The amount of code changes to allow pg_basebackup to make a backup from
the standby seems to be small. So I ended up merging that changes and the
infrastructure patch. WIP patch attached. But I'd happy to split the patch again
if you want.

Attached is the updated version of the patch. I wrote the limitations of
standby-only backup in the document and changed the error messages.

I'm looking at this patch and wondering why we're doing so many
press-ups to ensure full_page_writes parameter is on. This will still
fail if you use a utility that removes the full page writes, but fail
silently.

I think it would be beneficial to explicitly check that all WAL
records have full page writes actually attached to them until we
achieve consistency.

Surprised to see XLOG_FPW_CHANGE is there again after I objected to it
and it was removed. Not sure why? We already track other parameters
when they change, so I don't want to introduce a whole new WAL record
for each new parameter whose change needs tracking.

Please make a note for committer that wal version needs bumping.

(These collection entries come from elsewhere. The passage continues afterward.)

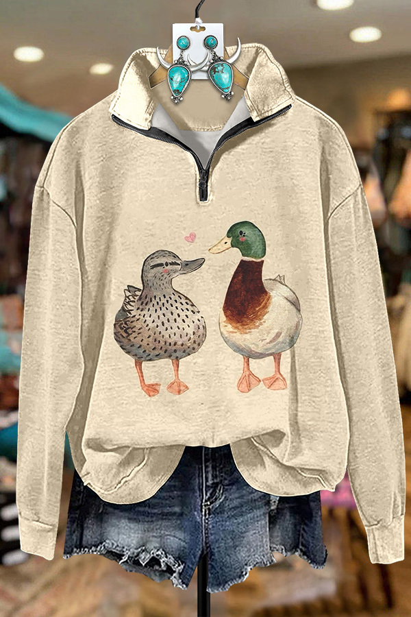 Cute Duck Print Zipper Sweatshirt
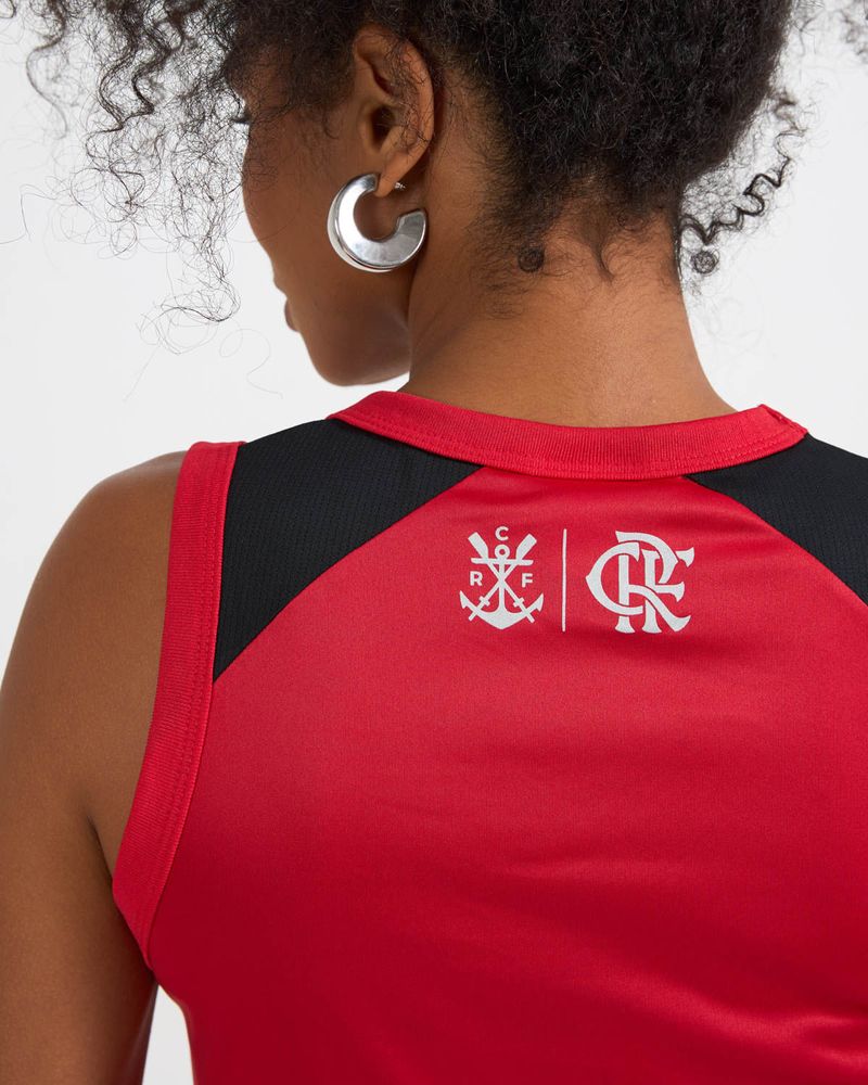 Com decote V, palas contrastantes e o CRF estampado em prata, a peça ainda conta com uma estampa de toque zero inspirada na textura de cestaria com listras irregulares, trazendo um visual único. Confeccionada em tecido muito leve, oferece excelente caimento, alta respirabilidade e absorção do suor, mantendo a pele seca e confortável durante o uso.
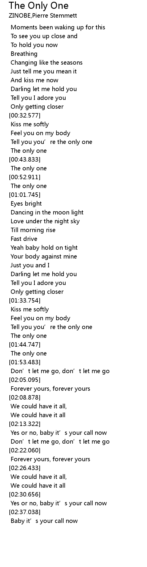 | [01:39.206] | Tell you you’re the only one |
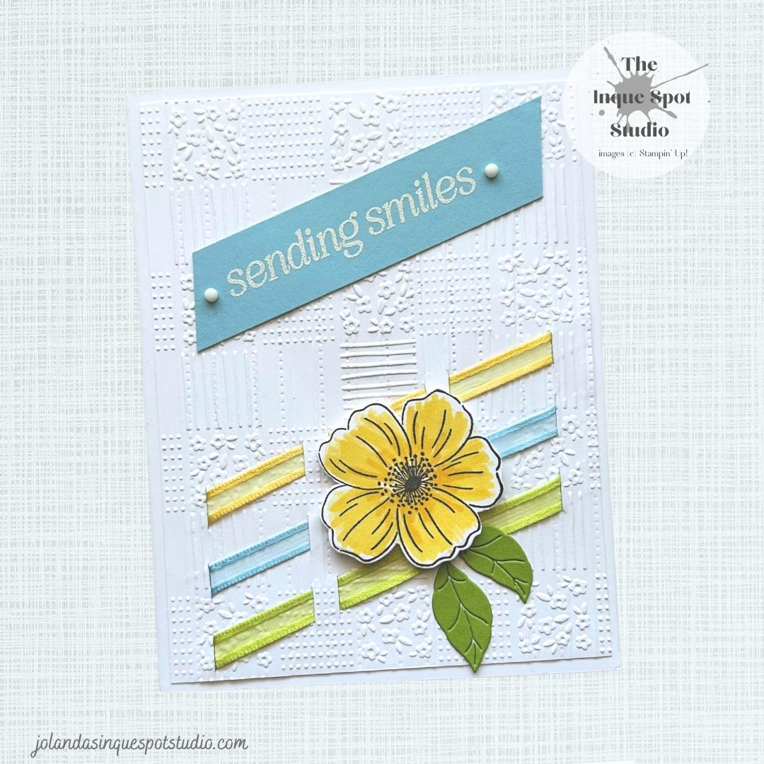 - From the retired Organdy Ribbon Combo Pack, Daffodil Delight, Balmy Blue and Lemon Lime Twist ribbons were threaded through the slits to create the block pattern.
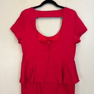 Torrid Pencil Bodycon Mini Dress 14 Red Retro Peplum Open Back Cap Sleeve Career
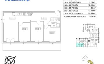 • Powierzchnia: 74,39 m2 (4 pokoje)

I think its probably time to start a README.recovery to explain why
this works the way it does. Other changes can then start to do that as
well, so we can keep this to sane levels of complexity.

--
Simon Riggs http://www.2ndQuadrant.com/
PostgreSQL Development, 24x7 Support, Training & Services

#78

Simon Riggs

simon@2ndQuadrant.com

almost 14 years ago

In reply to: Fujii Masao (#76)

Re: Online base backup from the hot-standby

On Fri, Jan 20, 2012 at 11:04 AM, Fujii Masao <masao.fujii@gmail.com> wrote:

But Steve encountered it again, which means that the above fix is not
sufficient. Unless the issue is derived from my patch, we should do
another cycle of diagnosis of it.

It's my bug, and I've posted a fix but not yet applied it, just added
to open items list. The only reason for that was time pressure, which
is now gone, so I'll look to apply it sooner.

--
Simon Riggs http://www.2ndQuadrant.com/
PostgreSQL Development, 24x7 Support, Training & Services

#79

Fujii Masao

masao.fujii@gmail.com

almost 14 years ago

In reply to: Simon Riggs (#77)

Re: Online base backup from the hot-standby

Thanks for the review!

On Fri, Jan 20, 2012 at 8:15 PM, Simon Riggs <simon@2ndquadrant.com> wrote:

I'm looking at this patch and wondering why we're doing so many
press-ups to ensure full_page_writes parameter is on. This will still
fail if you use a utility that removes the full page writes, but fail
silently.

I think it would be beneficial to explicitly check that all WAL
records have full page writes actually attached to them until we
achieve consistency.

I agree that it's worth adding such a safeguard. That can be a self-contained
feature, so I'll submit a separate patch for that, to keep each patch small.

Surprised to see XLOG_FPW_CHANGE is there again after I objected to it
and it was removed. Not sure why? We already track other parameters
when they change, so I don't want to introduce a whole new WAL record
for each new parameter whose change needs tracking.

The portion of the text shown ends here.